• _AIM OF THE TASK_:
In the material below, find the line with "Merkez Bankası Para" and the line with "Books, blocks, and", then output those two lines and every line between them, exactly.

• _DATASET_:
—————

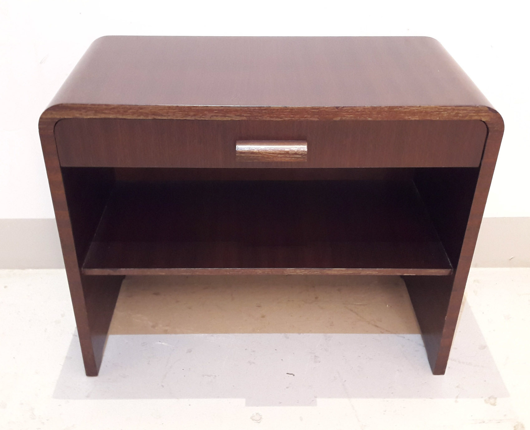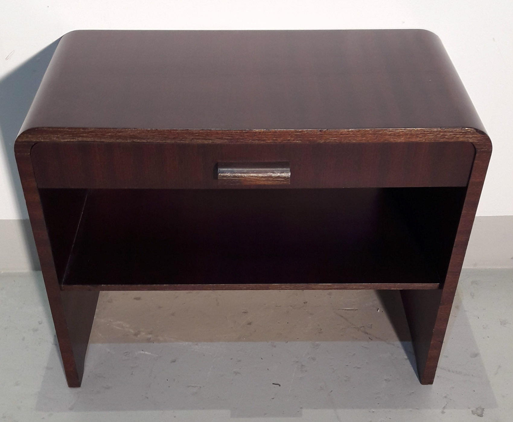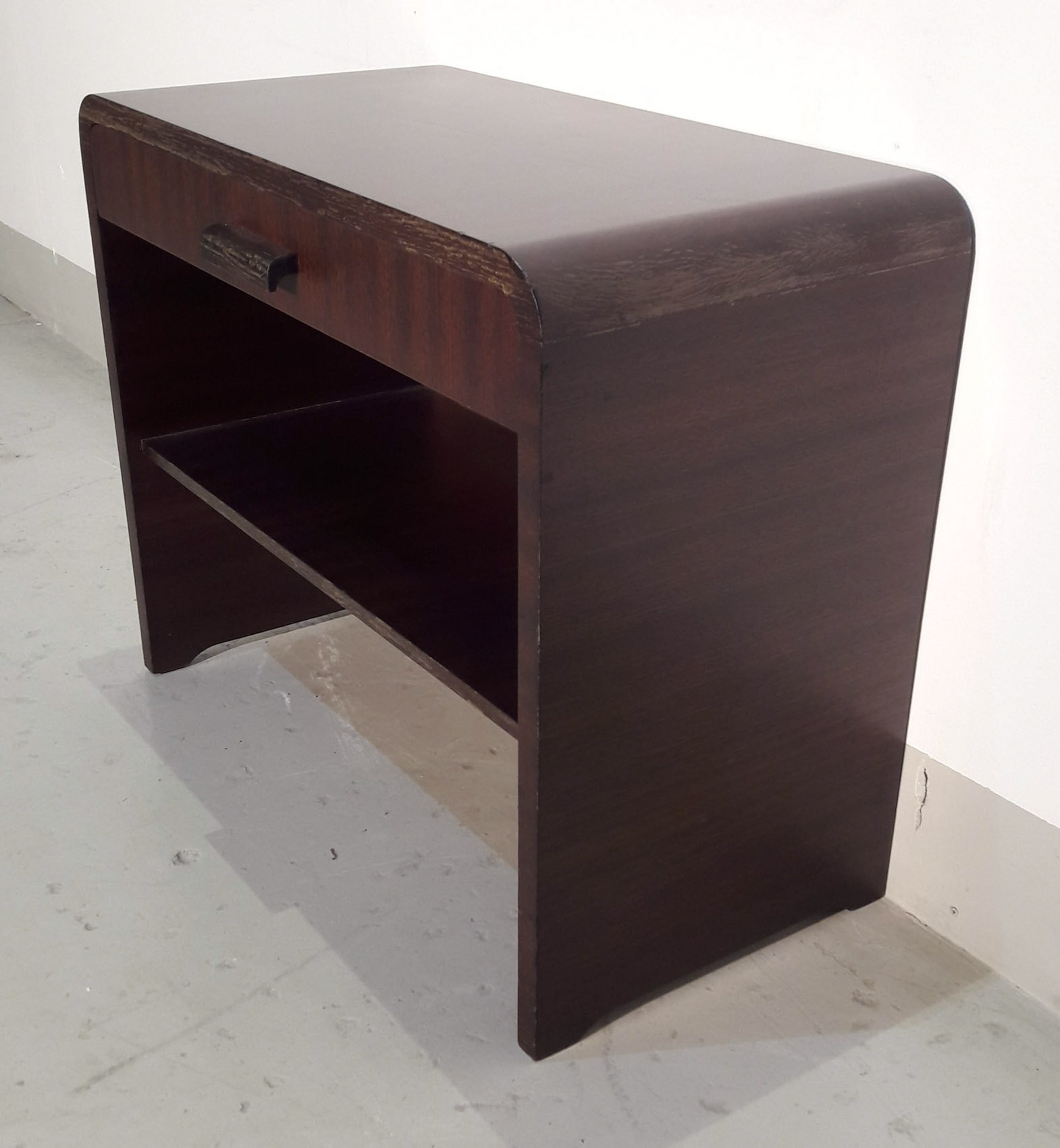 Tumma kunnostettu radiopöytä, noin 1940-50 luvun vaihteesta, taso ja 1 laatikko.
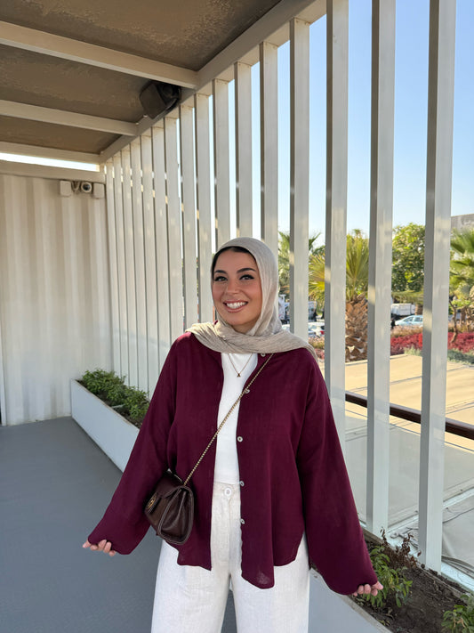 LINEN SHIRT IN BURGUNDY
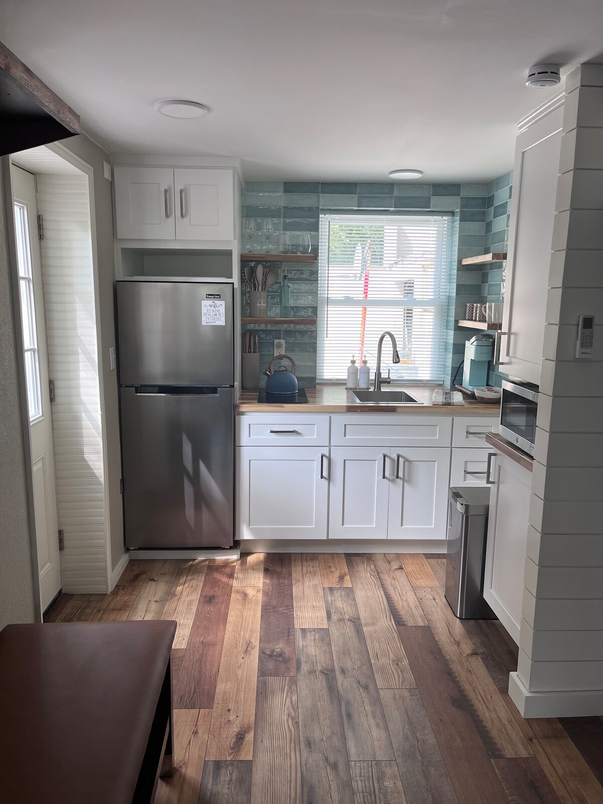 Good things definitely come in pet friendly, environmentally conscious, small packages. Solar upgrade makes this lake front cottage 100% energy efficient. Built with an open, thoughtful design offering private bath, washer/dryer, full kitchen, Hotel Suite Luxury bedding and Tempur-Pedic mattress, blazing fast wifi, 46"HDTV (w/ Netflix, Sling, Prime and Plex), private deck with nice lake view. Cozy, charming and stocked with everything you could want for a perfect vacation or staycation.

—————

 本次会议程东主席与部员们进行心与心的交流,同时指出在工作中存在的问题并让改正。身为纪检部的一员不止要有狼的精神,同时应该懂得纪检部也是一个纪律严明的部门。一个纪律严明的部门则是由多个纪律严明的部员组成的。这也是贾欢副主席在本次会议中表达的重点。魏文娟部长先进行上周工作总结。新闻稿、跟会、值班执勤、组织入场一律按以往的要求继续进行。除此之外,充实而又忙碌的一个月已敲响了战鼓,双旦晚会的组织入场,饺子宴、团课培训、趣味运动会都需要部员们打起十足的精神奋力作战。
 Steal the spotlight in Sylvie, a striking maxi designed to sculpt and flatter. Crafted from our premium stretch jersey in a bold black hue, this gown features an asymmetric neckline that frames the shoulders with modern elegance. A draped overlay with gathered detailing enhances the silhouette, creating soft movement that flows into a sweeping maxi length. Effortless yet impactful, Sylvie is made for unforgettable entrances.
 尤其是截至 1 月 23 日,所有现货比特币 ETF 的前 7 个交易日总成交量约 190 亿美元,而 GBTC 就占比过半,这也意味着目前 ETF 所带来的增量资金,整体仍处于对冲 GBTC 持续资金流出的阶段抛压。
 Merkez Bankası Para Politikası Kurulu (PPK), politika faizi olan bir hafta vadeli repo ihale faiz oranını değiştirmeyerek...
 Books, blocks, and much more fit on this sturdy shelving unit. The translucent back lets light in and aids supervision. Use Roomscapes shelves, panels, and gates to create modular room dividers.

—————

• _RESULT_:
 Merkez Bankası Para Politikası Kurulu (PPK), politika faizi olan bir hafta vadeli repo ihale faiz oranını değiştirmeyerek...
 Books, blocks, and much more fit on this sturdy shelving unit. The translucent back lets light in and aids supervision. Use Roomscapes shelves, panels, and gates to create modular room dividers.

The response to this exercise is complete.